Certaines personnes présentent une amblyopie mixte.
Le traitement
Premièrement, l’ophtalmologue instaurera un traitement qui agit sur la cause. La prescription de lunettes pour corriger un éventuel trouble de la réfraction sera proposée au patient. L’ophtalmologue évaluera aussi un éventuel strabisme ou traitera une cause organique (une cataracte congénitale, par exemple). Deuxièmement, il forcera le cerveau à utiliser essentiellement l’œil amblyope en cachant le bon œil (rythme à définir), jusqu’à la récupération visuelle. Il veillera enfin à surveiller une éventuelle récidive.

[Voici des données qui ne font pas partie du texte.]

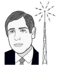
Hearing and responding

Jesus said, "What do you think about the Christ?" 1 In this course we have been finding out about Christ. What do you think about Him, and how are you going to respond? Jesus wanted people to respond by acting on the things He said. He told them to use their ears and not be indifferent, as if deaf.
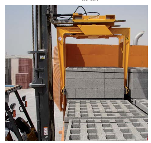
Fork Sleeves ET-E-4 for single grabs
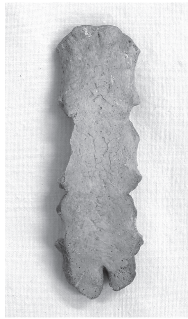
Figure 2. Sternum bifidum (grave 1774, adult, male).

719 cases characteristics of females can be seen. During the excavation, as a result of the careful rescue, the remains of 39 fetuses were rescued (included in the Infantia category). Unfortunately, in case of 123 (3.18%) skeletons, neither the sex, nor the age at death was determinable.
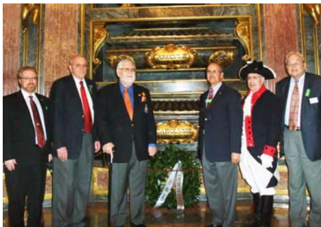
Wreath at Tomb of King Carlos III at El Escorial
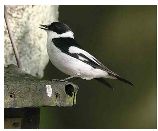
473 Collared Flycatcher / Withalsvliegenvanger Ficedula albicollis, male, Noord-Ginkel, Gelderland, May 2004

1-14 January, Grou, Boarnsterhim , Friesland, photographed, sound-recorded, videoed (G Mensink, M Schulte, M Berlijn et al; Dutch Birding 26: 143, plate 209, 2004); 11-14 November, Reusel, Reusel-De Mierden , Noord-Brabant, ringed, photographed (J Wouters, P Wouters). 2003 11-12 October, De Cocksdorp, Texel , Noord-Holland, photographed (D Kok, J de Bruijn, L B Steijn

Pour récupérer l’amblyopie, différents outils de traitement existent, dont le but est le même : faire travailler l’oeil amblyopie en pénalisant l’oeil « sain » :
- L’occlusion : cacher l’œil « sain » – La pénalisation : cette technique est un peu moins efficace que celle de l’occlusion. Il s’agit de mettre un verre un peu trop corrigé dans une paire de lunettes pour troubler la vue du bon œil (surcorrection) ou utiliser des collyres (gouttes que l’on instille dans l’oeil) pour dilater la pupille et par conséquent troubler la vision du bon oeil.
- Les filtres calibrés (Ryser) : ils se mettent sur le verre des lunettes pour troubler la vision.

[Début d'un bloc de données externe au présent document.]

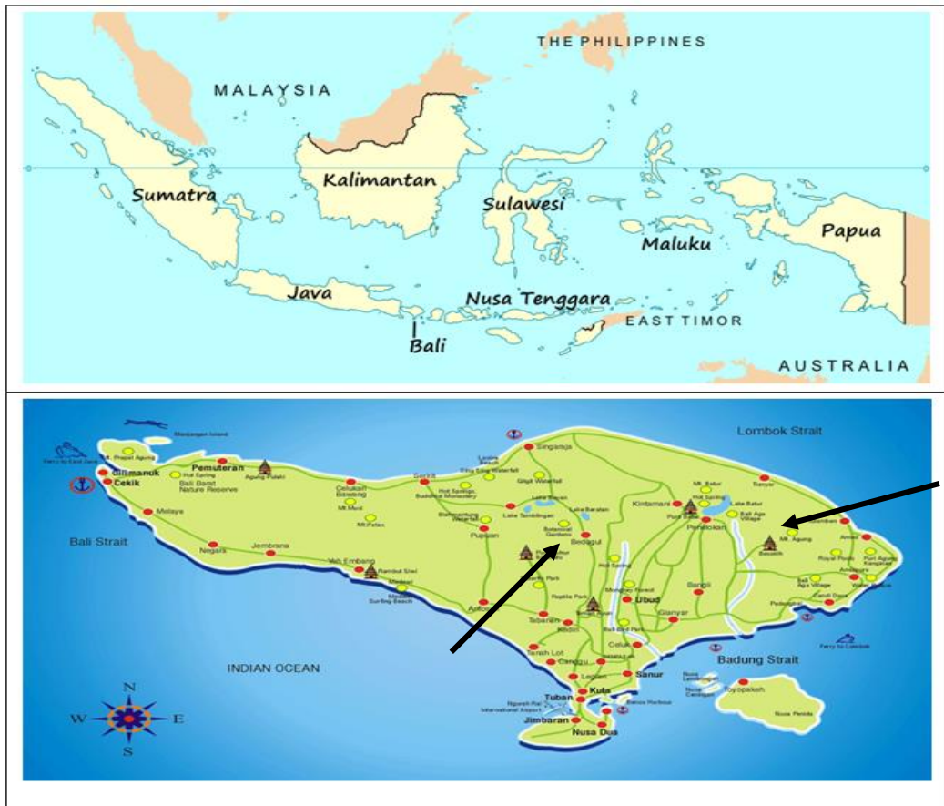
Figure 2: Site map

Primary and secondary data were collected in the study by using various techniques, such as survey, interview, direct observation and documentation. In order to have deep information, the technique of Focus Group Discussion (FGD) was also employed by inviting the key informants of farmers groups, market actors (local traders, exporters, officers of local governments, officers of local banks, and staff of research institution). In this study, data were analyzed by using descriptive method.

« Il est souvent difficile de convaincre l’enfant de la nécessité de suivre son traitement, étant donné que ce n’est pas très agréable pour lui de cacher un oeil. Le rôle des parents est donc essentiel pour assurer le succès de la thérapie. », souligne le Dr Costantini.
Les différentes phases du traitement
Le traitement d’attaque : on réalise une occlusion totale (la journée et la nuit) du bon œil jusqu’à l’équilibre visuel des yeux. Le changement du cache doit donc se faire dans l’obscurité. La durée théorique du traitement d’attaque dépend de l’âge de l’enfant, on compte une semaine par année d’âge. Si l’enfant a 4 ans et qu’il est très amblyope, le traitement durera 4 semaines.

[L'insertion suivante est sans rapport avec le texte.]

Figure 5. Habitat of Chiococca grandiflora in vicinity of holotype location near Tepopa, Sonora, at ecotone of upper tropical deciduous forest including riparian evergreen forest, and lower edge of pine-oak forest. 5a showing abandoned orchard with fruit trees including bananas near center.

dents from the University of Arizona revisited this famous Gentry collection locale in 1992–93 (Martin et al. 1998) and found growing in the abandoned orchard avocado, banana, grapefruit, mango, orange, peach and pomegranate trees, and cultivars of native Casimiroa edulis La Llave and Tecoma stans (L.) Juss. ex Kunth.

Le traitement d’entretien : l’occlusion est partielle, il débute lorsque l’acuité visuelle de l’œil droit est identique à l’œil gauche. Ce traitement a surtout pour but d’éviter la récidive. Parfois, il faut continuer jusqu’à l’âge de 10-12 ans pour stabiliser la situation. Dans cette situation, l’ophtalmologue peut entre autres préconiser une occlusion partielle (quelques heures dans la journée) ou bien la pose d’un filtre calibré sur le verre.
Dépistage au Luxembourg
Au Luxembourg, le dépistage des troubles visuels est réalisé par le service Orthoptique et Pléioptique, composé d’orthoptistes diplômés. Le Luxembourg est le seul pays européen à avoir un dépistage systématique national.
Le service d’Orthoptie de l’Etat assure le dépistage visuel et le suivi des enfants à partir de 10 mois jusqu’au cycle 1.1 de l’école fondamentale. Les parents reçoivent un courrier postal pour inviter leur enfant à faire ce dépistage visuel qui est facultatif et gratuit. Les enfants qui n’ont pas fait ce 1er dépistage visuel pourront toujours intégrer ce système de dépistage visuel. Il suffit de contacter le Service d’Orthoptie.
Les orthoptistes ne peuvent pas faire de prescription mais ils adressent les patients chez l’ophtalmologue dès qu’ils ont une suspicion de strabisme, d’amblyopie ou de trouble de la réfraction.